IBBY project in the spotlight: #EstoTbn’s Children’s Jury in Chile

How can we encourage reading for pleasure in young people and adults? Many organizations have embarked on innovative projects that have contributed to promoting a reading culture. In this international series, we spotlight reading initiatives from around the world that can inspire reading promoters everywhere. This episode: the #EstoTbn-IBBY Children’s Jury in Chile.

by guest writer Yasmine Motawy
Credits: #EstoTbn

Inspired by scholarly activism

#EstoTbn is a collaborative platform in Chile for recommending children's literature. It began 2020 as a result of scholarly activism that took place during the pandemic. An interdisciplinary team of researchers - Macarena García-González, Ignacia Saona, and Soledad Véliz - began the platform as part of their ongoing research on cultural and literary mediation practices at the Center for Advanced Studies in Educational Justice of the Catholic University of Chile.

The hashtag #EstoTbn – short for ‘esto también’ – means “this also” in Spanish, and expresses the snowballing thread of suggestions that becomes possible when young people are given a space where they can make recommendations on books, art, and other media to their peers. The hashtag suggests that opening spaces of participation to young people may challenge adult-fed algorithms that tell children what to read next. The platform has flourished and expanded to house various recommendation-based activities such as fanzine workshops, an exhibition, the recording of a podcast, and a collaboration with IBBY to set up the first children’s jury for a literary prize in Chile.

Need for stories

Macarena García-González

We spoke to Macarena García-González, children’s literature scholar and principal researcher about how #EstoTbn came into being and what it involved, with a special focus on the children’s jury that came out of it. García-González shares how the idea for #EstoTbn platform came about when the research team was discussing ways of working against the exclusions that adultism – term used to describe children’s disadvantaged position within social life and their positioning within adult-centric research and paternalistic practice - imposes throughout the chain of children’s literature production and consumption. ‘This has been the underlying principle of my research in children’s literature and mediation practices over the past seven years, and it matched the interests and sensibilities of my “accomplices'' back then: Ignacia Saona, independent scholar and cultural manager, Soledad Véliz, assistant professor at the Catholic University of Chile and Ja’nos Kovacs, research assistant.’
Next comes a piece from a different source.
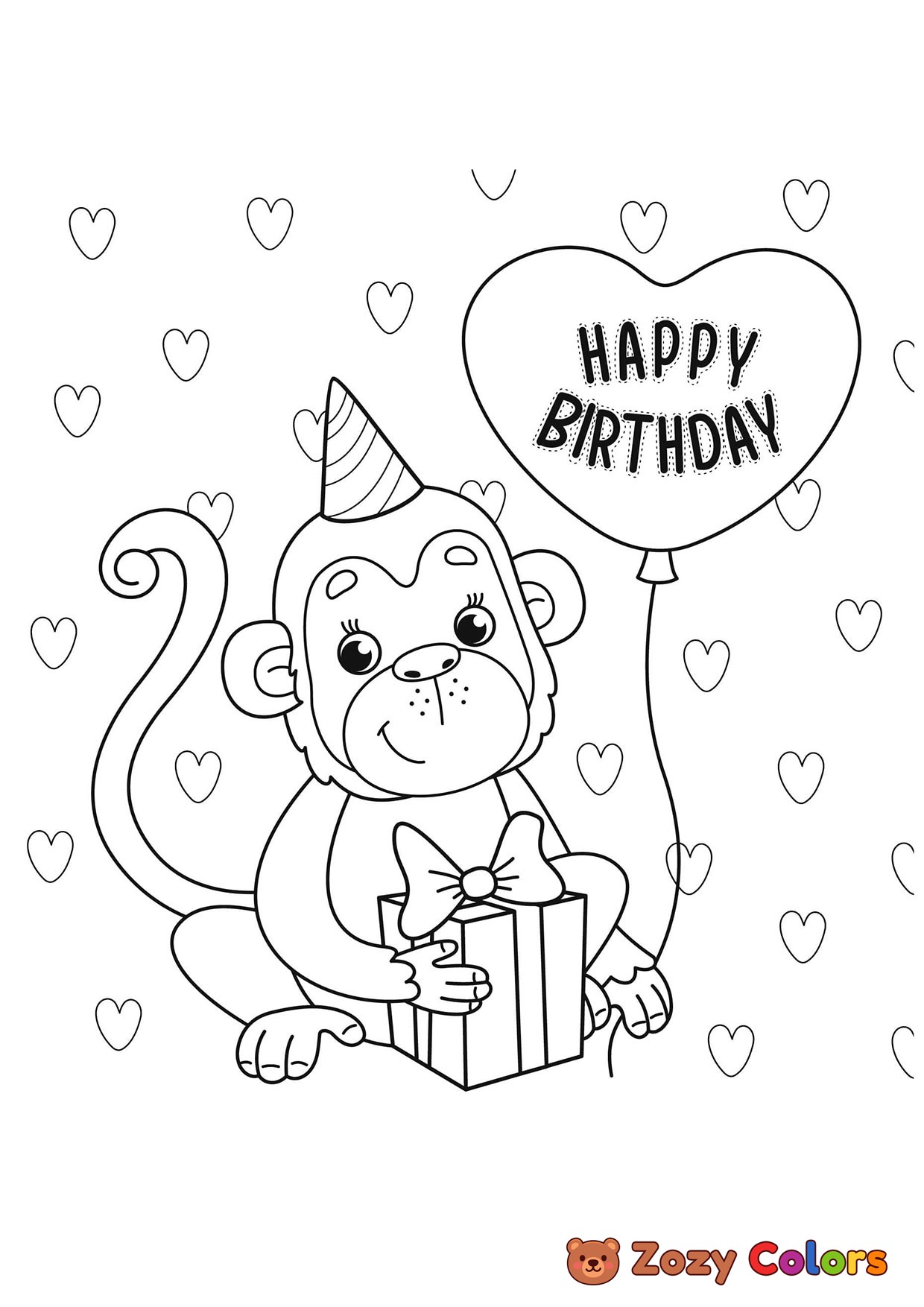 Birthday Monkey. Coloring page to print or download and color for your kids.

‘We were working together on ‘Emotional and Literary Repertoires for Childhood,’ a project that looked at how emotions are narrated and how books are sometimes ‘used’ to educate children around certain emotions. We were preparing ourselves to continue with fieldwork that we had begun in marginalized neighborhoods in the outskirts of Santiago. We had already worked with two communities that had organized informal educational spaces for their children, when all of a sudden the pandemic hit. Véliz and I realized that we would need to change the way in which we offered our intervention. It was clear at that point that we would have to adapt the entire project.’

“During the pandemic, reading mediators around the world shared videos of stories being read aloud. There was clearly a heightened need for stories.”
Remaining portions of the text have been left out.